- [Provided data]
***

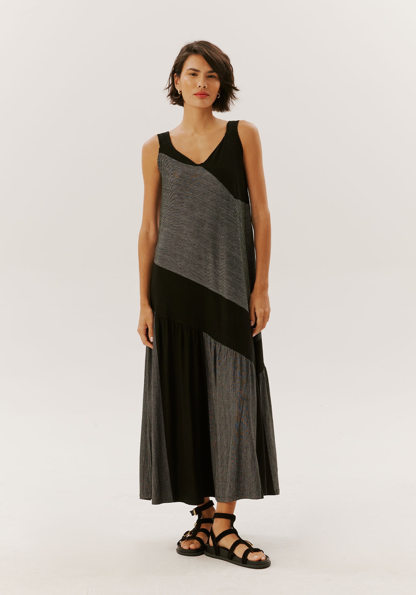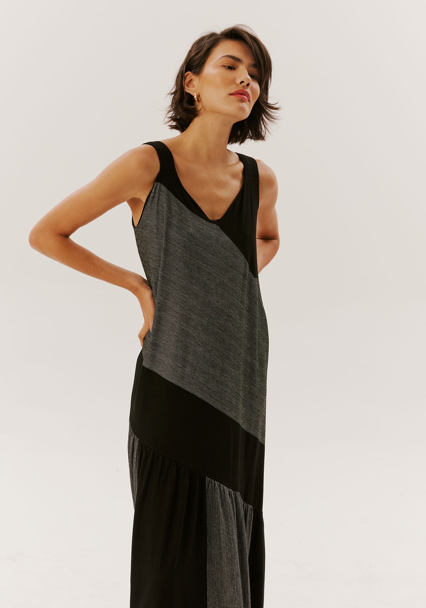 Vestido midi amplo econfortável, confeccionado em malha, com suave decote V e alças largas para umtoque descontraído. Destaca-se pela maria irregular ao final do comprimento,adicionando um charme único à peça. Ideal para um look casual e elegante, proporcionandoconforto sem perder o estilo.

***

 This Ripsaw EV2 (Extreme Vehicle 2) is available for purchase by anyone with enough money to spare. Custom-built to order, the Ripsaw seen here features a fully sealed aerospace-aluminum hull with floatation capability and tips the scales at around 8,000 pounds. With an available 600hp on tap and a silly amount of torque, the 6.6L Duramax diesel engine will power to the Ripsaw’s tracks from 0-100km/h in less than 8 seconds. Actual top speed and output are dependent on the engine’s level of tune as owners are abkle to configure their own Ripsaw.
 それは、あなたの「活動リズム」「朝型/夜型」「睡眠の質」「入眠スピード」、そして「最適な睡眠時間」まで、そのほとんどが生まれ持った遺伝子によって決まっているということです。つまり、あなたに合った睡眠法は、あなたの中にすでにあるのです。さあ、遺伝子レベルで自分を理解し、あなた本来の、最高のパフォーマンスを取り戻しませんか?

***

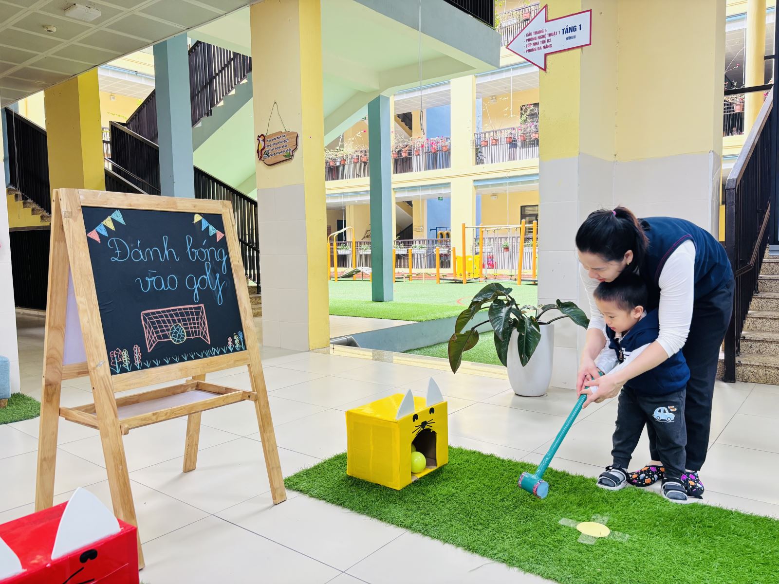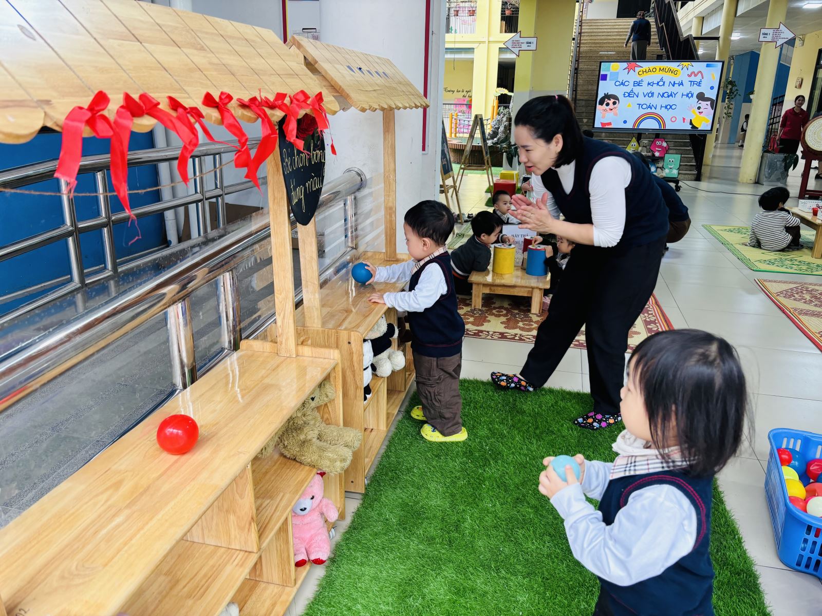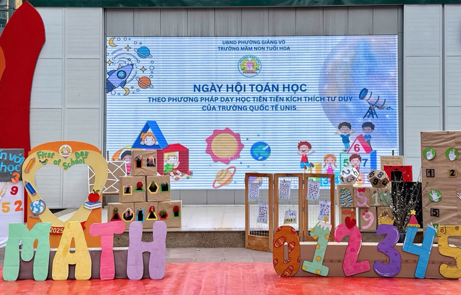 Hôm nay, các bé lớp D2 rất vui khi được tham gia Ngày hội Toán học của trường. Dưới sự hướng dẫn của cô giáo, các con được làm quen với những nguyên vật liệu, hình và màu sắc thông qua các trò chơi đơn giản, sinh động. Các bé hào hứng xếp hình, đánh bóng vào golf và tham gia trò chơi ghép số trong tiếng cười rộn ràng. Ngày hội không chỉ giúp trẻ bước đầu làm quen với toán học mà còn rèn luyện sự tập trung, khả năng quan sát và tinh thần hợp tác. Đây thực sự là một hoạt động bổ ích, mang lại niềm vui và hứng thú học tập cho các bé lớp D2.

***

- [Task objective]
From the records above, transcribe without alteration every line from the one with "This Ripsaw EV2" to the one with "それは、あなたの「活動リズム", inclusive.

- [Answer space]
 This Ripsaw EV2 (Extreme Vehicle 2) is available for purchase by anyone with enough money to spare. Custom-built to order, the Ripsaw seen here features a fully sealed aerospace-aluminum hull with floatation capability and tips the scales at around 8,000 pounds. With an available 600hp on tap and a silly amount of torque, the 6.6L Duramax diesel engine will power to the Ripsaw’s tracks from 0-100km/h in less than 8 seconds. Actual top speed and output are dependent on the engine’s level of tune as owners are abkle to configure their own Ripsaw.
 それは、あなたの「活動リズム」「朝型/夜型」「睡眠の質」「入眠スピード」、そして「最適な睡眠時間」まで、そのほとんどが生まれ持った遺伝子によって決まっているということです。つまり、あなたに合った睡眠法は、あなたの中にすでにあるのです。さあ、遺伝子レベルで自分を理解し、あなた本来の、最高のパフォーマンスを取り戻しませんか?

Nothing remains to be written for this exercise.